ANTIBODY SUBMISSION

The Swedish Human Protein Atlas project, funded by the (non-profit) Knut and Alice Wallenberg Foundation, invites submission of antibodies from both academic and commercial sources to be included in the human protein atlas (www.proteinatlas.org). All antibodies will be validated by the Human Protein Atlas project by a standard procedure and antibodies that are accepted will be used in the tissue-profiling program to generate high-resolution immunohistochemistry images representing a wide spectrum of normal tissues and cancer types. Currently, the validation procedure is free of charge. For each approved antibody, 576 spots of human tissue from 360 different individuals are immunostained and manually annotated. Academic collaborators will have access to all biological data at least 6 months before the images will be published as part of the Human Protein Atlas. Product number will be displayed for antibodies from commercial vendors, as well as a direct link from the antibody information page on the Protein Atlas to the provider homepage.

Submission form

The collaborator is asked to fill in an excel-sheet submission form with information, such as:
  • Gene/Protein identifier of target (Ensembl identifier)
  • Description of target used for the antibody generation
  • Description of type of antibody (pAb, mAb, or recAb)
  • Purification method (affinity, protein A, supernatant)

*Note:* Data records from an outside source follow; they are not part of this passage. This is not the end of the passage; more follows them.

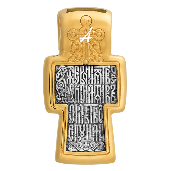 На обороте креста помещена древняя молитва, отражающая глубинный смысл образа Христа Вседержителя на лицевой стороне: «Боже, во имя Твое спаси мя, и в силе Твоей суди мя». Эта молитва выражает упование на милосердие Бога, Который так возлюбил мир, что отдал Сына Своего Единородного на крестные страдания для спасения грешных людей, и Который волен миловать или казнить их на Страшном Суде. Сила Божья — это Сам Господь Иисус Христос, воплощение Божественной Любви и Истины. Произнося слова молитвы, мы просим Бога, чтобы Он избавил нас от вечных мук не за наши достоинства, а во Христе и по бесконечной любви Своей сделал нас сонаследниками Вечной Жизни.
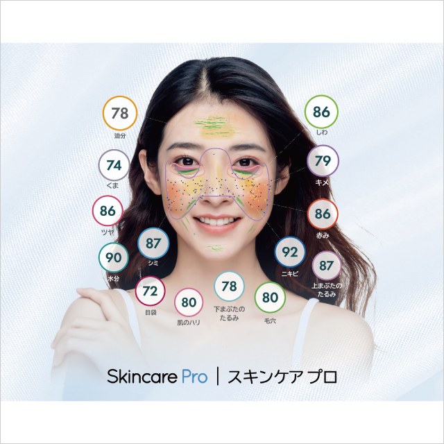 使用AI肌膚分析應用“護膚專家”詳細分析肌膚狀態。蜆貝、皺紋、kime等12個專案在10秒左右進行測定,結果報告也可以下載。另外,其他煩惱的物品也在會場展示。應該能找到合適的商品。
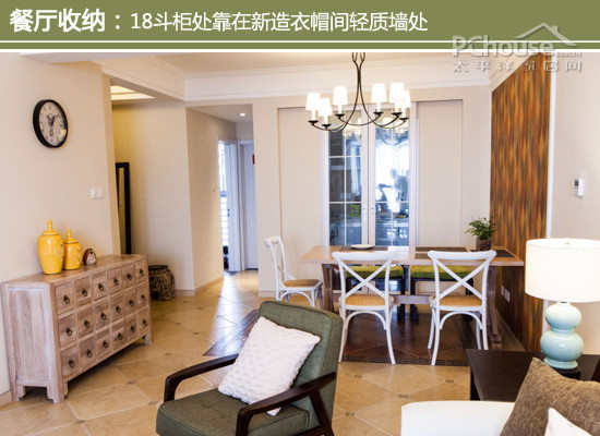 设计师建议:由于在玄关处打造了一个步入式衣帽间,下卧室相连处多了一幢轻质墙,而且正对着餐厅,巧妙地加一个18斗餐边柜。
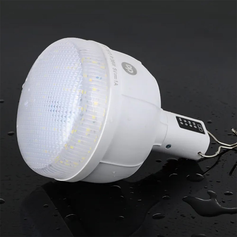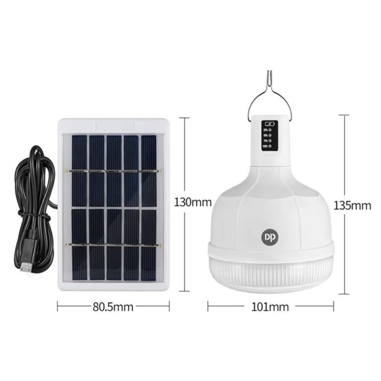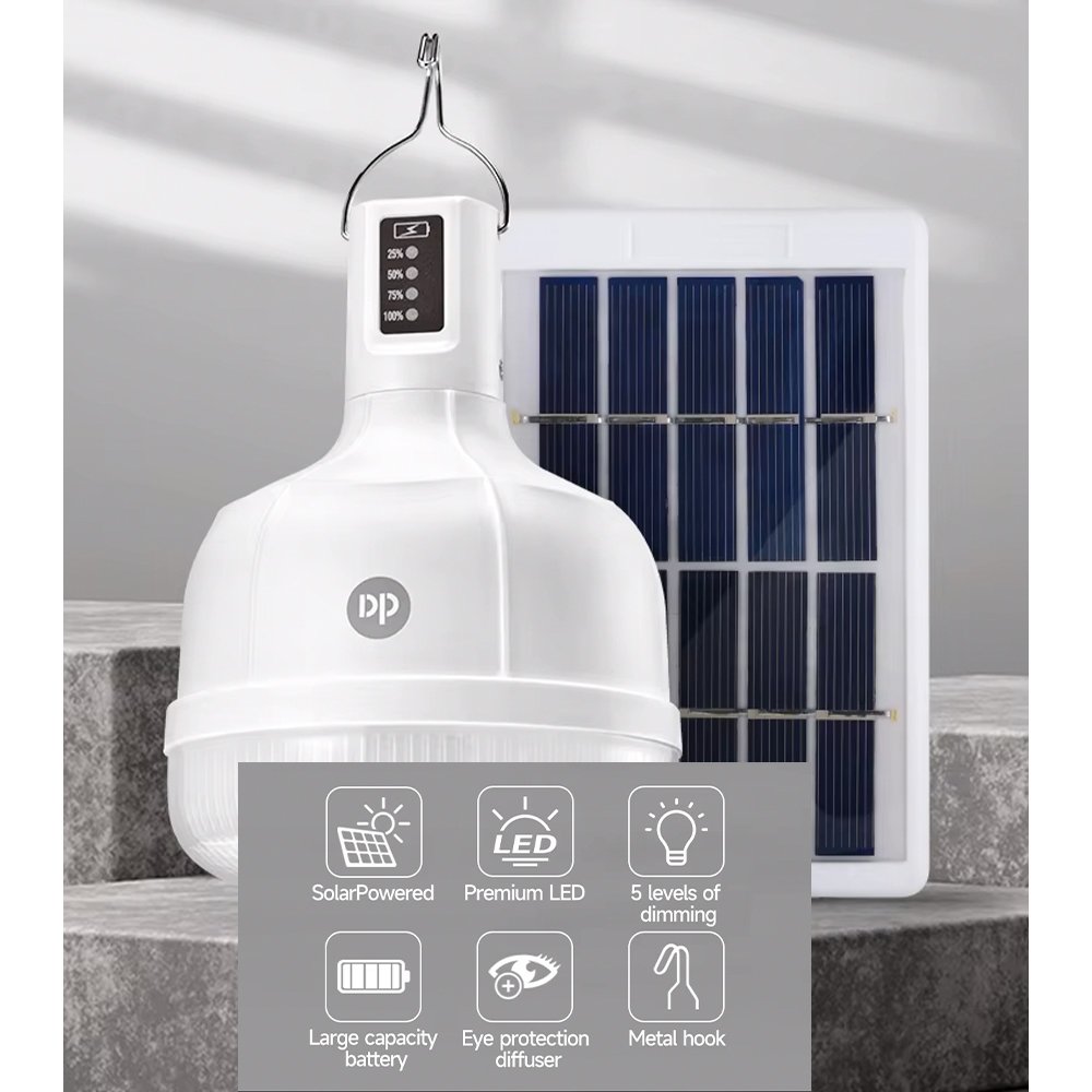 لامپ از نوع استوانه ای ساخته شده از جنس پلاستیک باکیفیت، مقاوم در برابر آسیب های فیزیکی احتمالی همچون فشار،ضربه و ضدآب تامین انرژی از طریق باتری داخلی 18650 با ظرفیت 4000 میلی آمپر ساعت، شارژ مجدد از طرق پورت میکرو یو اس بی و کابل همراه مدت زمان شارژدهی در حالت قوی حدود 3.5 ساعت، متوسط حدود 4.5 ساعت و کم نور حدود 12.5 ساعت مجهز به رنگ نور مهتابی، شدت جریان ورودی 1 آمپر در 5 ولت با توان 38 وات، دارای پنل خورشیدی دارای نشانگر LED جهت نمایش شارژ باقی مانده به صورت درصدی (25%/50%/75%/100%) برخوردار از کلید فیزیکی جهت خاموش/روشن و انتخاب حالت نوردهی، مجهز به آویز فلزی

Information about the antigen is also requested in the submission form. It is preferable (but optional) to give the size of the antigen in number of amino acids. In the comment field one can also add actual peptide sequence and information about purity check, sequence verification etc (optional).

Submissions could range from a single antibody to several hundreds of antibodies. Use one line in the excel sheet per antibody. Send the submission form (excel) to: contact@proteinatlas.org.

Priority

Not more than two antibodies to the same target protein will normally be pursued. Priority will thus be given to new targets not present (or only represented by one antibody) in the Human Protein Atlas portal or in the Human Protein Atlas pipeline. Higher priority will also be given to antibodies with well-documented and relevant quality assurance. A documentation of previous validation/quality assurance should be attached in submission, preferably through a web-link (product data sheet and/or reference) or alternatively as a pdf-file (with results, reference and/or product data sheet). Antibodies should be validated by at least one of the following two methods:

  • Western blot (with relevant human tissue extracts and/or cells)
  • Immunohistochemistry (IHC with relevant human tissue and/or cells)

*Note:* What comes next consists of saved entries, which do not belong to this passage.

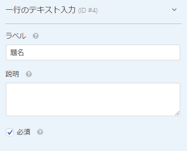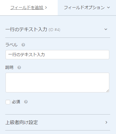 一行のテキスト入力をクリックするとフィールドオプションが左側に表示されラベルの変更と必須項目にするか選択できます。
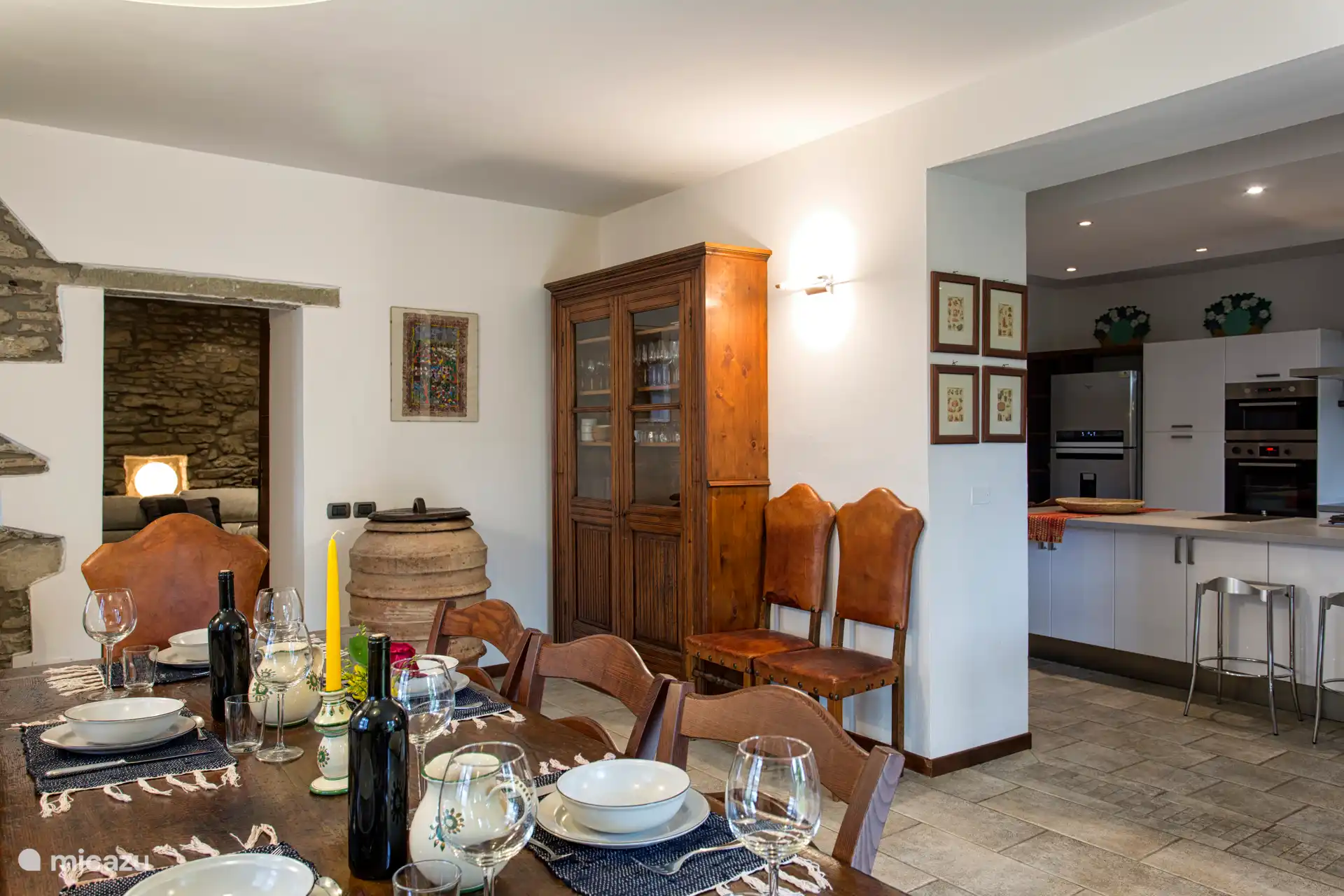 Rechts vom Eingang befindet sich der Wohnbereich, der aus einem Steinkamin, einem Sofa und Sesseln, einem großen Esstisch und einem Smart-TV besteht. Vom Wohnzimmer aus hat man direkt Zugang zur Küche durch eine Salo-Tür. Die Küche ist modern und geräumig, vollständig ausgestattet und mit allem ausgestattet, was Sie brauchen, um Ihre Lieblingsgerichte zuzubereiten, und sie ist direkt mit der Außenveranda verbunden, wo Sie große Bereiche zum Entspannen und Essen zur Verfügung haben. Von der Veranda aus betreten Sie einen Raum, der als Waschraum genutzt wird, komplett mit Waschmaschine und Trockner.
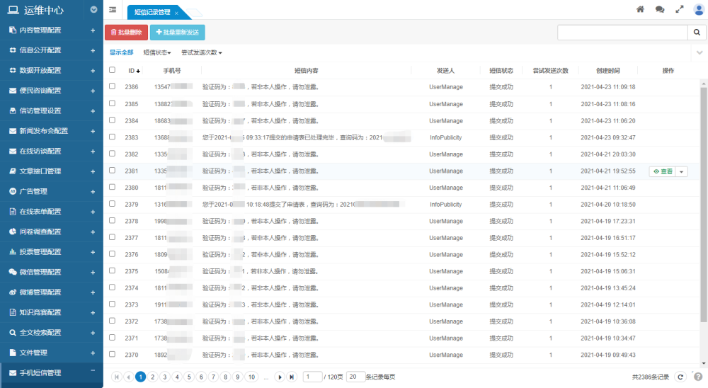 短信发送记录管理
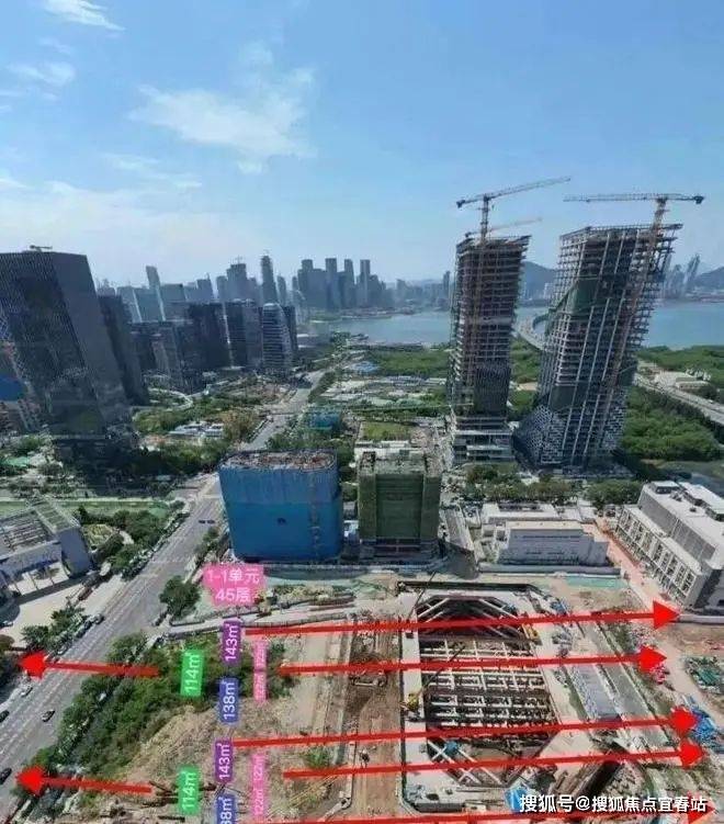 项目整体预计规划为2栋45层的高层住宅,建成后或将提供约403套,114-122-138-143㎡ 纯四房产品。4梯5户设计,8楼以上可看部分海景,户型最大使用率高达108%,最大赠送面积接近44㎡!项目与前海相邻,一路之隔就是腾讯的企鹅岛,由于前段时间项目前方改规划为教育用地,也就是在6层以上的单位,大部分户型可以穿过学校高度后眺望一线海景!妥妥的又一核心区王炸使用率新盘!
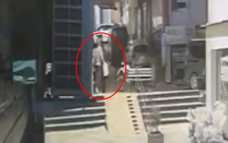 Olay anı, bir iş yerinin güvenlik kamerasıyla görüntülendi.
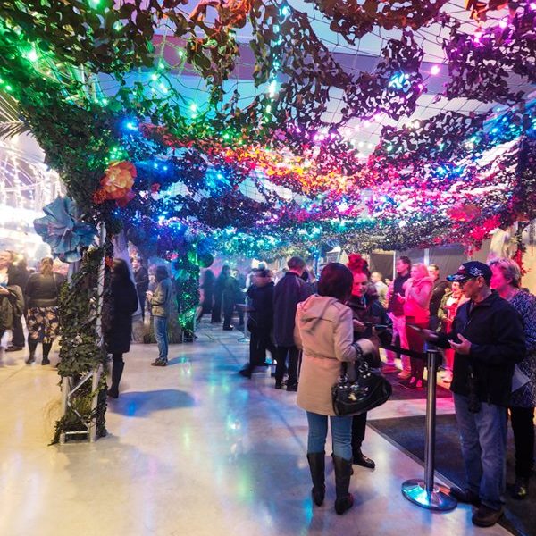We worked with the Vbase team to ensure guests were fully immersed under a Pandora-style canopy of foliage, giant flowers, glistening fairy-lights and amazing LED colour-changing light effects. As guest walked through they were greeted by the ‘Tree of Souls’ filled with changing lights and butterfly details. The tree proved popular with guests, with many taking the opportunity to get photos in front of the central suspended feature.

Examples of other suitable validation assays are:

  • Antigen-based assays (ELISA, protein arrays or similar protein assay)
  • Adsorption test (in combination with IHC)
  • Flow sorting
  • Immunocapture results ("pull-down" followed by suitable analysis)

For submissions that are approved, the collaborator will be asked to send in a vial of each antibody (free of charge). A minimum amount of 50 µg or equivalent will be needed for each antibody.

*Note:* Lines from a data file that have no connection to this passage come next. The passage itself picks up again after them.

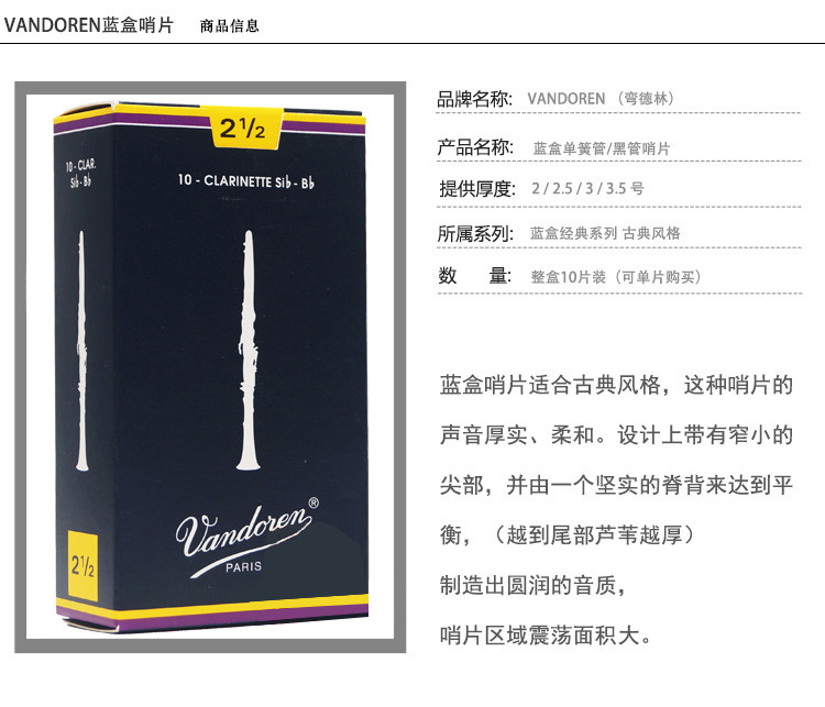 Vandoren Bendlin reed blue box black tube clarinet reed B-tune reed imported from France 2 53 0
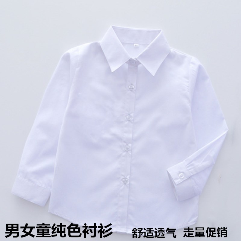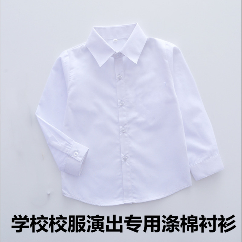 儿童演出服男童长袖涤棉纯白色衬衣女童中大童小学生短袖衬衫夏款
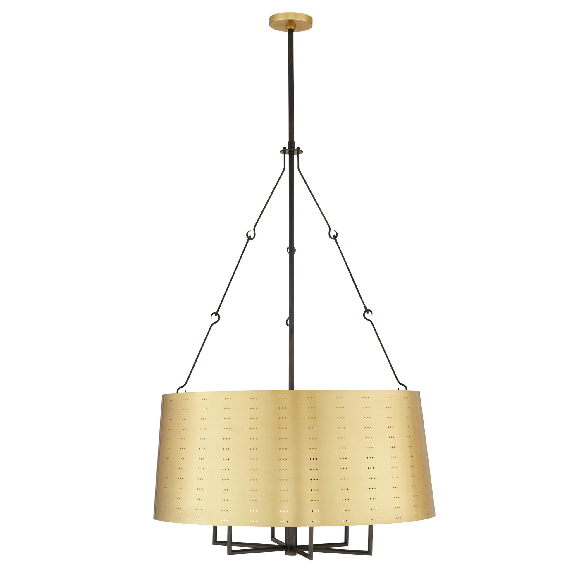 DescriptionWe perforated the Felipe to cast subtle shadows for a lace effect. Architecturally inspired, it juxtaposes an antique brass-plated iron shade with English bronze-plated iron arms and pipe. Damp-rated, although limited covered outdoor areas may affect finish.
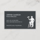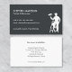 A business card for the painting and decorating industry. With a charcoal grey background on the front and a silhouette of a painter on steps holding a paint roller, easily customize the white typography with your name and contact details. The reverse of the card has a plain white background where you can list out the services that you offer.
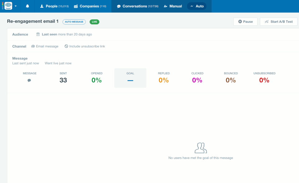 Goals within Intercom have helped us both simplify our messaging and achieve a great conversion rate on our campaign's call to action. The ability to constantly optimize directly within Intercom has been priceless!
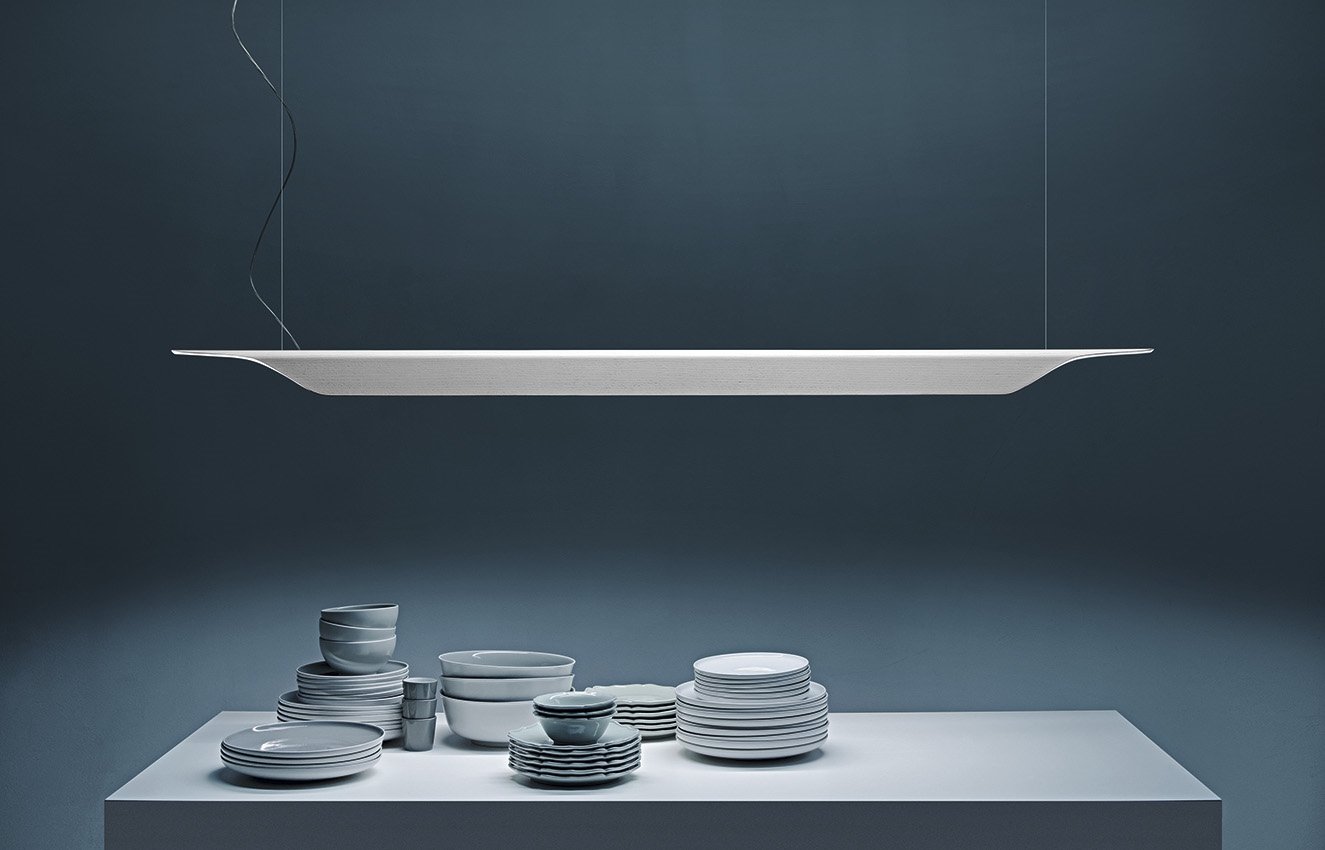 Troag ist eine einfache Pendelleuchte. Ihre Inspiration stammt von den schwedischen kanuförmigen Schalen.

Use of the antibodies by the Human Protein Atlas program

Each antibody is tested according to the Human Protein Atlas standard quality assurance procedures, i.e. on a special designed tissue microarray (TMA) initially using two antibody-dilutions and heat epitope retrieval in citrate buffer. The staining pattern is compared to previous characterization data of the target gene, in accordance to HPA guidelines. The number of test rounds for each antibody varies depending on reproducibility and need for dilution. Each antibody approved by the Human Protein Atlas will subsequently be used for Western Blot and immunostaining of eight TMAs representing 576 tissue cores.

Flow of information

Non-approved antibodies will only be communicated to the antibody provider and will not be published on the Human Protein Atlas. Tissue profiles of the approved antibodies will be published on the Atlas Portal at next following release. For academic collaborators, the data will be stored at least six months on the internal web atlas before transfer to the publicly available Human Protein Atlas (www.proteinatlas.org). Each approved antibody on the public database will be directly linked from the Human Protein Atlas to the collaborators web-home page.

Cost

The cost for the profiling (Western blot analysis, immunohistochemistry, scanning, and annotation) is currently covered by the Human Protein Atlas project (Wallenberg Foundation).

Release of data

Academic collaborators can ask to further delay the release of the data and images on the public Human Protein Atlas portal (beyond six months) if publication based on the results from the protein profiling are being prepared. The decision will be made by the Human Protein Atlas priority committee and is normally not granted for longer than one year.